Task item -> Make a verbatim transcription of the records, without the pictures.

Task inputs ->
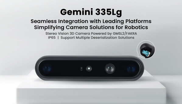 ODENSE,Denmark,Oct. 21,2024 --Orbbec,a global leader in 3D vision systems,announced the launch of the Gemini 335Lg Stereo Vision 3D Camera at ROSCon 2024. As the latest addition to the Gemini 330 series,the Gemini 335Lg utilizes advanced Gigabit Multimedia Serial Link 2 (GMSL2) and a FAKRA connector,ensuring secure and reliable connectivity for autonomous mobile robots (AMRs) in fulfillment centers,warehouses,and factories,as well as for robotic arms in complex tasks such as bin-picking and palletizing/de-palletizing.
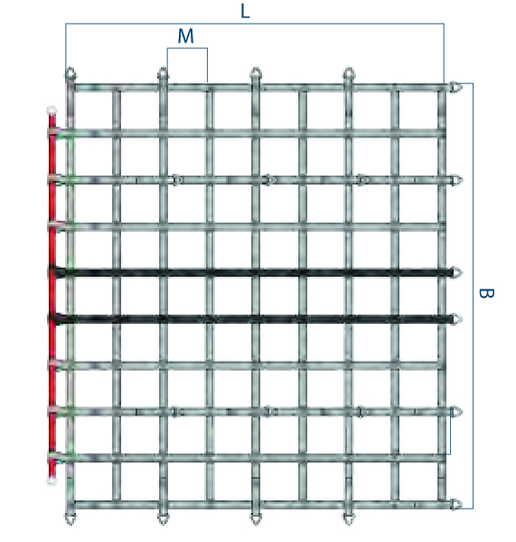Set mit Grundnetz, Triangeln rundum und Zurrgurten 2 m - ohne Sperrstange
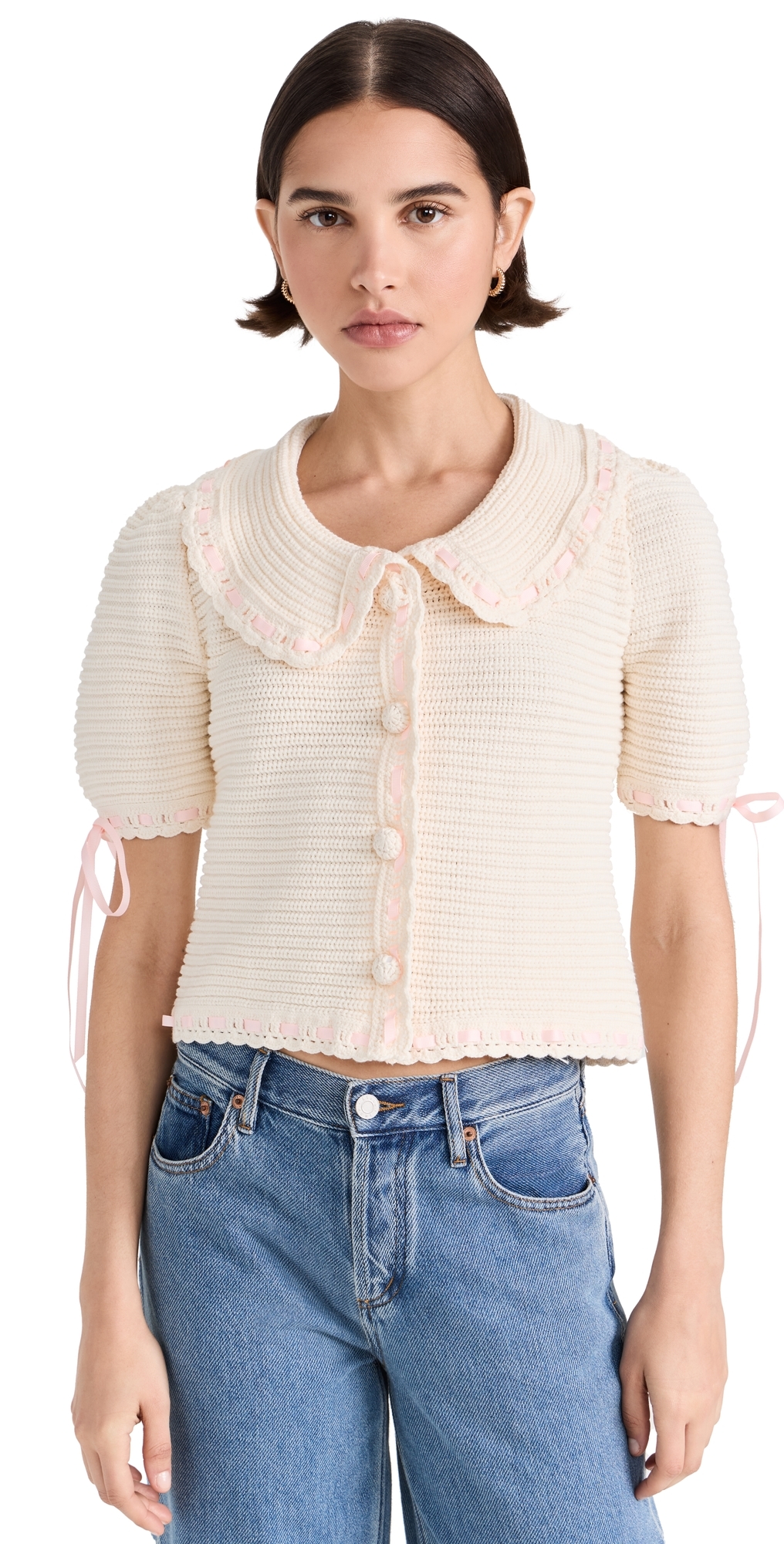 Fabric: Mid-weight ribbed knit. Grosgrain ribbon trim. Collared neck and button placket. Short puff sleeves. Shell: 60% cotton/40% nylon. Trim: 100% polyester. Dry clean. Imported, China. Measurements: Measurements from size S Length: 17.75in / 45.0cm, from shoulder
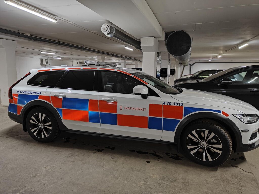 Fordon för olycksutredning till Trafikverket byggd på en Volvo V90 av Uppsala Automontering.
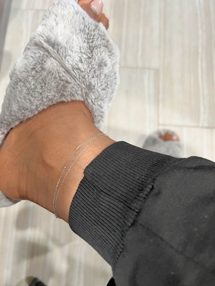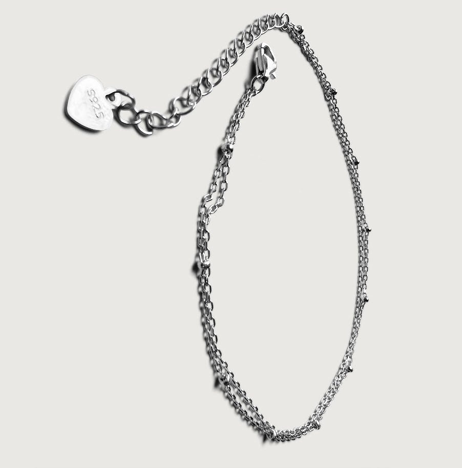 Ball Muse Double Chain Anklet in Sterling Silver
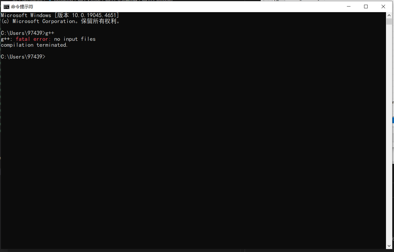 确定加进去后,进入命令提示符,输入 g++ 并回车,此时系统会根据环境变量直接调用 g++.exe,

Solution ->
 ODENSE,Denmark,Oct. 21,2024 --Orbbec,a global leader in 3D vision systems,announced the launch of the Gemini 335Lg Stereo Vision 3D Camera at ROSCon 2024. As the latest addition to the Gemini 330 series,the Gemini 335Lg utilizes advanced Gigabit Multimedia Serial Link 2 (GMSL2) and a FAKRA connector,ensuring secure and reliable connectivity for autonomous mobile robots (AMRs) in fulfillment centers,warehouses,and factories,as well as for robotic arms in complex tasks such as bin-picking and palletizing/de-palletizing.
Set mit Grundnetz, Triangeln rundum und Zurrgurten 2 m - ohne Sperrstange
 Fabric: Mid-weight ribbed knit. Grosgrain ribbon trim. Collared neck and button placket. Short puff sleeves. Shell: 60% cotton/40% nylon. Trim: 100% polyester. Dry clean. Imported, China. Measurements: Measurements from size S Length: 17.75in / 45.0cm, from shoulder
 Fordon för olycksutredning till Trafikverket byggd på en Volvo V90 av Uppsala Automontering.
 Ball Muse Double Chain Anklet in Sterling Silver
 确定加进去后,进入命令提示符,输入 g++ 并回车,此时系统会根据环境变量直接调用 g++.exe,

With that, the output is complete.